John Hauser

Current position
- Title: Head coach
- Team: Ohio
- Conference: MAC
- Record: 3–2

Biographical details
- Born: February 27, 1980 (age 46) Columbus, Ohio, U.S.
- Education: Wittenberg University

Playing career
- 1998: Ball State
- 1999–2002: Wittenberg
- Position: FS

Coaching career (HC unless noted)
- 2003: Wittenberg (asst.)
- 2004–2005: Northern Illinois (GA)
- 2006–2008: Northern Illinois (DB)
- 2009–2011: Wayne State (DC/DB)
- 2013: The Citadel (S/OLB)
- 2014–2015: Miami (OH) (DB)
- 2016–2021: Miami (OH) (co-DC/CB)
- 2022: Ohio (S)
- 2023: Ohio (S/DPGC)
- 2024: Ohio (DC/S)
- 2025: Ohio (AHC/DC/S)
- 2025–present: Ohio

Administrative career (AD unless noted)
- 2012: Illinois (dir. of player personnel)

Head coaching record
- Overall: 3–2
- Bowls: 1–0

= John Hauser (American football) =

American football player and coach (born 1975)

John Hauser (born February 27, 1980) is an American football coach and former football player. He is currently the head coach at Ohio University. Before joining the staff at Ohio, he was the co-defensive coordinator at Miami University.

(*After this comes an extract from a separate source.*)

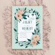 This elegant and modern wedding invitation is perfect for the summer and spring. It features painted watercolor flowers and leaves framed around the typography. The colour scheme includes peach pink, teal green, mint green, and white. It's classy, beautiful, pretty, and unique; the perfect design to impress your guests.

==Early life and education==
Hauser was born in Columbus, Ohio and is an alumnus of Bishop Hartley High School where he played football and won a state championship in baseball. After one year at Ball State University, he attended Wittenberg University in Ohio where he played college football as a safety from 1999 to 2002. He was a Division III All-American in 2002 and received his bachelor's degree in business management. He earned his master's degree from Northern Illinois University in adult education in 2007.

==Coaching career==
Hauser's first coaching position was as an assistant at his alma mater Wittenberg for one season in 2003. He was a graduate assistant at Northern Illinois before being promoted to defensive backs coach in 2006. He left NIU for his first defensive coordinator position at Wayne State. In his three seasons with the Warriors he led a defense that led NCAA Division II in sacks, coached three NFL free-agents signees, and his defense helped Wayne State reach the national championship game for the first time in 2011.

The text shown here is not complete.